The ROC curve was used to judge the predictive ability and recognition performance of the nomogram model, as shown in Figure 3. The area under the ROC curve (AUC) is 0.826, indicating that the nomogram model has good recognition ability (the validation set AUC is 0.821). The calibration plot of the nomogram shows that the calibration curve is close to the ideal angle, indicating good agreement between prediction and observation, as shown in Figure 4. We obtained an excellent calibration map, and the Hosmer–Lemeshow test showed that the model fit well (P = 0.717 in the training group and P = 0.163 in the validation group), indicating high reliability of the predictive ability of the nomogram model.

Figure 3.

The receiver operating characteristic (ROC) curves for (a) development group and (b) validation group.

Figure 4.

Calibration curve plot in each group. (a) The development group and (b) the validation group.

Clinical Application Value of the Nomogram Predictive Model

The decision analysis curve (DCA) of the nomogram model is shown in Figure 5. The abscissa of the DCA represents the threshold probability. For example, the likelihood of a patient diagnosis is recorded as Pi; when Pi reaches a certain threshold (Pt), it is defined as positive, and treatment measures are indicated. Currently, some patients are shown to benefit from the treatment (benefits), and some are shown to be harmed by the treatment (consequences). After subtracting the benefits from the risks, the vertical axis represents the patient's net benefit (net benefit, NB). The curved line in the figure represents the clinical predictive model. In addition, 2 extreme cases are shown. The horizontal line indicates that all samples are negative (Pi < Pt), no one was treated, and the net benefit is 0. A slash suggests that all models were positive, all received treatment, and the net benefit is a backslash with a negative slope.
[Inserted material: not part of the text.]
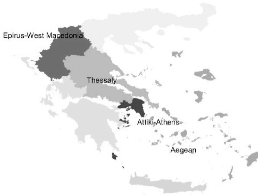
Fig. 1. Map of Regions in Greece. Treatment group: Attica (also known as Attiki). Control groups: Epirus-West Macedonia; Thessaly & Central Greece; Aegean.

percentage remained about the same, we argue that this can be used as an appropriate control group for our study.

Setting the prediction probability threshold at 10.0% and 8.5% in the training set and validation set resulted in net benefits of 15.0% and 17.0%, respectively, which indicates the excellent potential of the nomogram model for clinical decision-making.

Figure 5.

Decision curve analysis for the nomogram: (a) The development group and (b) the validation group.

Discussion

The present study reviewed relevant literature and recorded our clinical observations, including risk factors associated with VTE in patients undergoing radical resection of CRC, and established a postoperative VTE prediction model comprising 7 predictors of VTE. Increased BMI, lower extremity varicose veins, low postoperative hemoglobin and D-dimer level, as well as operative time over 4 h, postoperative hypoxemia, and posterior postoperative ileus are independent predictors of postoperative VTE in patients with CRC. These 7 factors were used to construct the risk prediction model for postoperative VTE in patients undergoing radical resection of CRC and constitute the CRSPOT nomogram.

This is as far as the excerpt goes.